Therefore the most promising answer in the monist branch seems to be “Yes”: At least some members of the apparent plurality of disciplines can be identified with the one and only discipline and, through this identification, are also justified. This is the strategy of theory reduction which, as such, but without this context, is well researched in the philosophy of science. Theory reduction can come along in various kinds, depending on which discipline one takes to be the goal of reduction. In our time, the most popular version is physicalist theory reduction (Wilson 1998); but there also is its sociological counterpart (Luhmann 1990), and the list could be continued. The final goal here, too, as in elimination always is to end up with just one scientific discipline, but before the goal is reached, the different existing disciplines at least can be tolerated since their differences from the one and only science are only apparent ones. Reductive models face similar problems as eliminative ones: They also do not seem to do justice to the given plurality of disciplines (Margolis 1987; Rosenberg 1994). Nevertheless, this plurality is just a fact and facts can change. The hard problem of theory reduction, in my view, seems to lie elsewhere, and can be found by a look at the whole model of models of interdisciplinary relations.
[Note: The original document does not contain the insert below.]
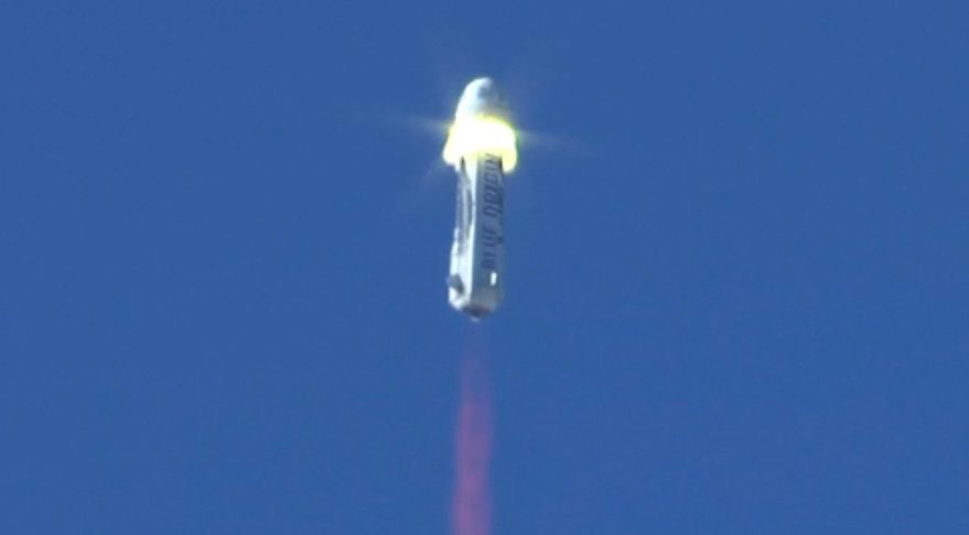 The New Shepard crew capsule ignites its abort motor to separate from its propulsion module on an Oct. 5 in-flight test of the vehicle's abort system. Credit: Blue Origin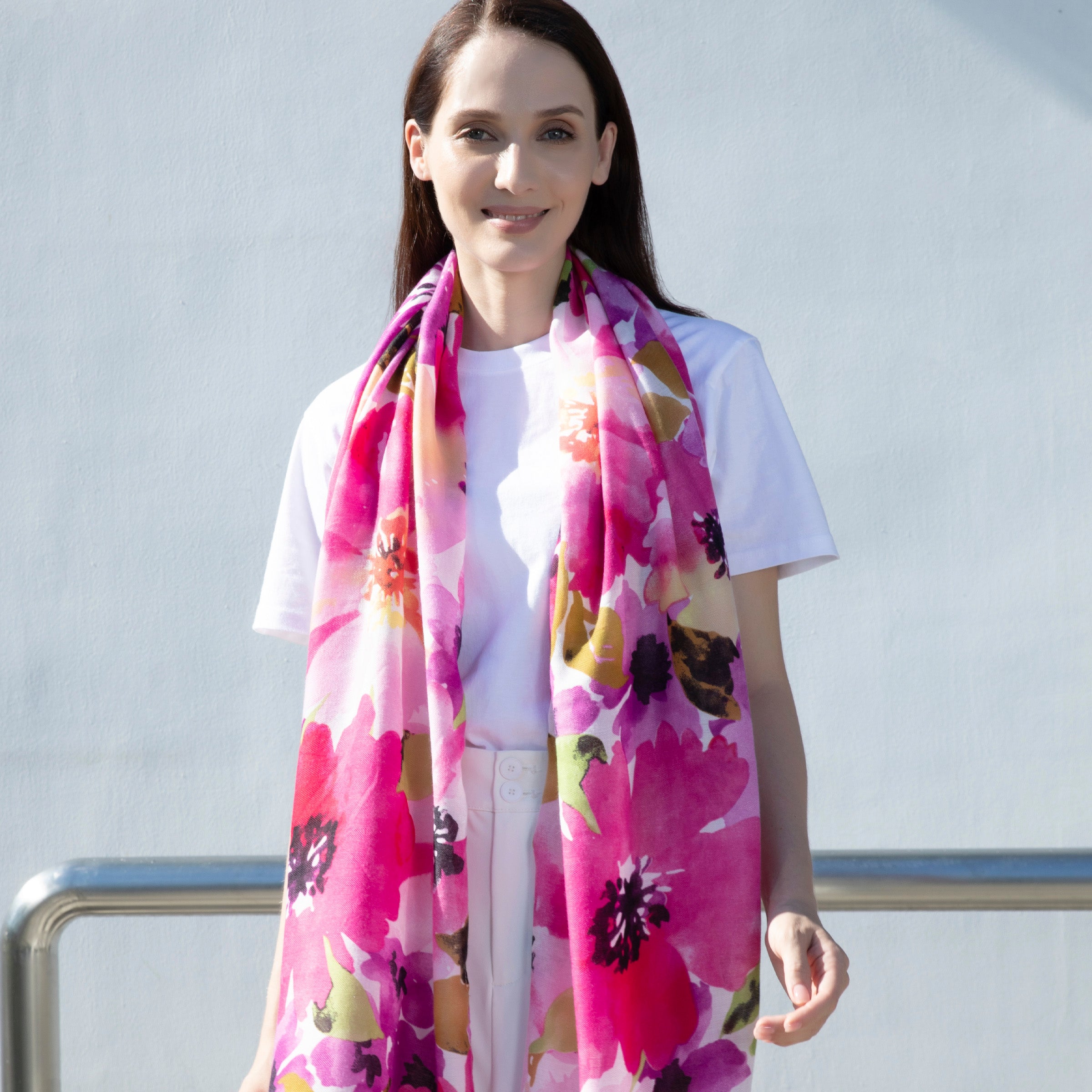The Flora - Lightweight Cotton Scarf with Tassels- Pink

3. The Hard Problem of Theory Reduction
The hard problem of theory reduction can be seen in its contrast to the cooperation-contact models which are the most important plural models: Contact-models, as has been shown, imply mutual recognition between the cooperating disciplines. This recognition is withdrawn by monist models. Eliminative models do so immediately, which makes them so little attractive. Reductive models are more cautious in this respect, they even promise to give a special discipline the dignity of the one and only discipline in the way of identification. But this identification is a one-way affair. The identity of the goal-discipline of reduction is supposed to be unchanging and well-known; the identity of the discipline which is to be reduced just is an apparent one; it has been falsely taken to be something apart from the one and only science. So, in the recognition of a theory which is to be reduced, the goal-theory of reduction simply recognizes itself in a disguise which soon is to be removed. However, as Hegel has shown throughout his Phenomenology of Spirit, recognition from its very concept always must be mutual; it presupposes two parties recognizing one another. This problem is getting even harder as we tend to take for real only what science tells us to be real (Quine 1979). So, if there is only one scientific discipline, no one can recognize it as such, neither from the outside – for only science has the authority to do so – nor from the inside – for there can be no mutuality here. The hard problem of theory reduction, at least as a global strategy facing the problem of interdisciplinarity, therefore is: If it is successful, it leads to a situation in which the supposed one and only discipline can get no recognition at all. Hence, contact models, and especially cooperation-contact models do not only seem to be a better description of the reality of science in our days; they also seem to be a better way to deal with interdisciplinarity without endangering the whole concept of science as such.